Configuration of a folded chain with 6 contact pairs is depicted in the left panel. Each contact along the chain is marked with different colors. The corresponding circuit topology of the folded chain is shown in the middle panel. The loop pairs are wired in series (S), parallel (P), or cross (X) topology. The inverse parallel topology (P–1) is assumed to be the same as parallel topology (P). Since the arrangement of the contacts is analogous to the arrangement of elements in an electrical circuit, the mathematical framework is dubbed “circuit topology”. The circuit topology entropy of a folded chain configuration with 9-contact pairs is shown in right panel as a function of the series (ns) and parallel (np) topological fractions.[22] Reproduced from ref (22) 2015 with permission from the Royal Society of Chemistry.

Figure 2

(a) Configuration of a folded chain with 11 contact pairs is illustrated. The contacts can exemplify local loops in the RNA molecules or β–β interactions in proteins. The circuit topology matrix built on the high resolution information, that is, the contact pairs, is shown in the top middle. The contact pairs are categorized in series (S), parallel (P), cross (X), and inverted parallel (P–1). If the local contacts are grouped into single coarse-grained (CG) contact, the number of contacts reduce to four CG contacts, and the new low-resolution circuit topology is shown in the top right matrix. (b) Two molecular chains with contact pairs formed in the concerted series (CS) and concerted parallel (CP) arrangements are illustrated.
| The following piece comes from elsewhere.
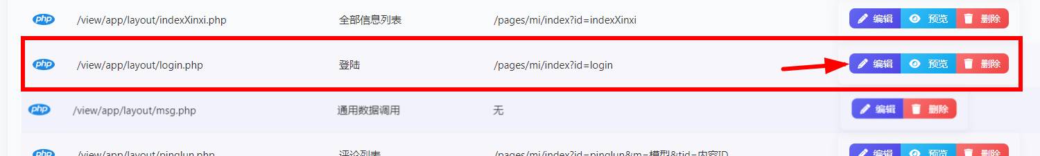 在后台页面管理中,找到“登录模板”选项,点击其对应的“编辑”按钮,进入代码编辑界面,编辑界面如下:

In these cases, a single binding site on the chain forms two contacts and its valency rises up to two. By slight change of the definition, one can regard CP as P and CS as S, although a full consideration is also an option of course. (c) Snapshot and circuit topology of the folding trajectory of the N-terminal domain of ribosomal protein L9 (2HFV).[21] First, the N-terminal hairpin forms. Next, the α helix forms a contact in concerted parallel with the hairpin, contacting the first strand. This second contact helps initiate the hydrogen bonding of the third β strand to the first, yielding three contacts in concerted parallel relation. Contact marked with * is not numbered in the molecular structure because the final α helix was excluded in folding simulations. The dashed and solid lines in the circuit topology matrix indicate the two folding steps.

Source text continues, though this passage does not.